Desperté y un par de horas más tarde, estaba en la sala de conciertos real. Observé cómo arrimaban una camioneta por la rabera y descargaban instrumentos musicales. Extraño, pensé, pareciera que ya tienen los suficientes  y ahora traen más. Cuando esucuché los primeros compases del evento, ya dentro de la sala,  me llevé una sorpresa. Escuchaba fagots, escuchaba cornos, escuchaba flautines, sí, pero no escuchaba el sonido que esperaba. Busqué el programa y leí:

“Sinfonía No. 2 de Félix Mendelssohn, grandes personalidades, grandes directores. No olvide quedarse para el vino de honor  así como de aplaudir vigorosa e interminablemente al finalizar la presentación. Gracias por su preferencia.”

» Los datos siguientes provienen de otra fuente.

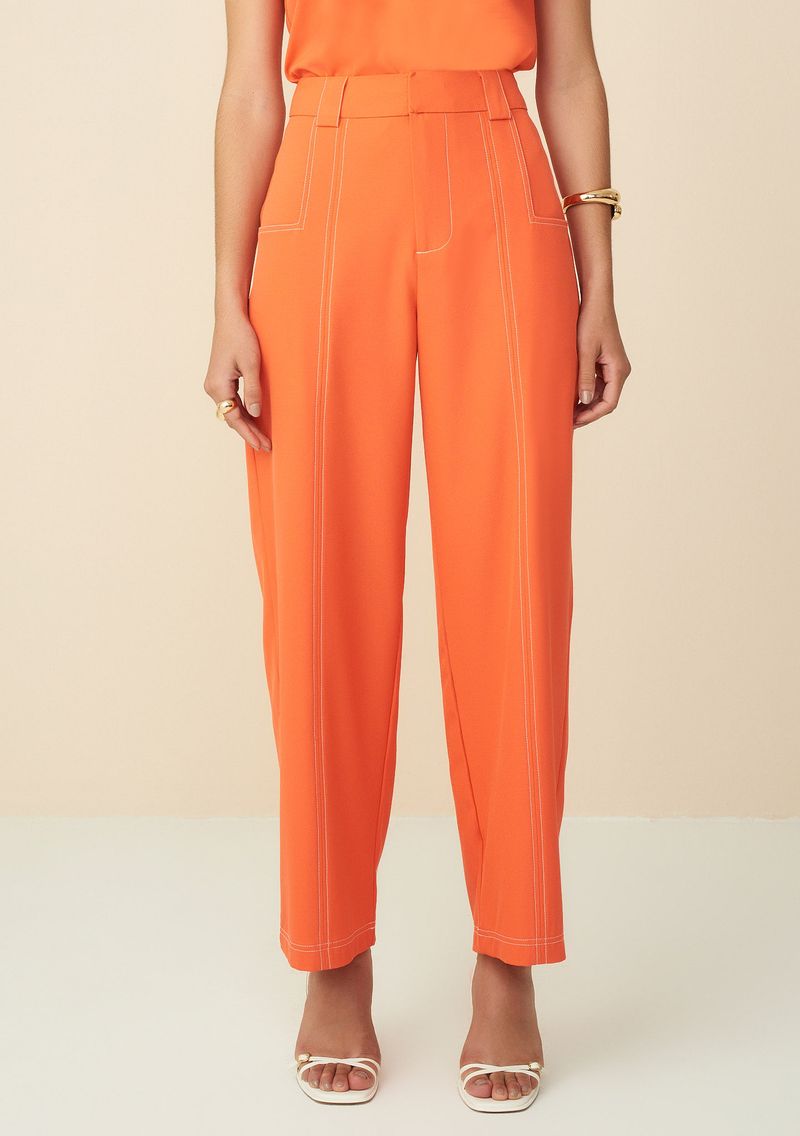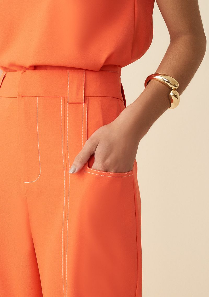 Calça Maria.Valentina Reta Cós Alfaiataria Detalhe Bolso Laranja

Mi sorpresa no duró demasiado. Estoicamente me acomodé física y mentalmente y escuché el programa completo. Sí, así fue tal cual sucedió.

Nota:

El 28 de Noviembre del año 2009, se interpretó en la Sala Nezahualcóyotl la sinfonía no. 2 ‘Himno de alabanza’ del compositor Félix Mendelssohn. Había asistido con la intención de escuchar la sinfonía no. 1 ‘Titan’ de Gustav Mahler y el concierto no. 2 para piano de Beethoven. Estas últimas dos piezas, habían sido interpretadas una semana antes. No me arrepiento de mi equivocación, pero sí de otras que he cometido.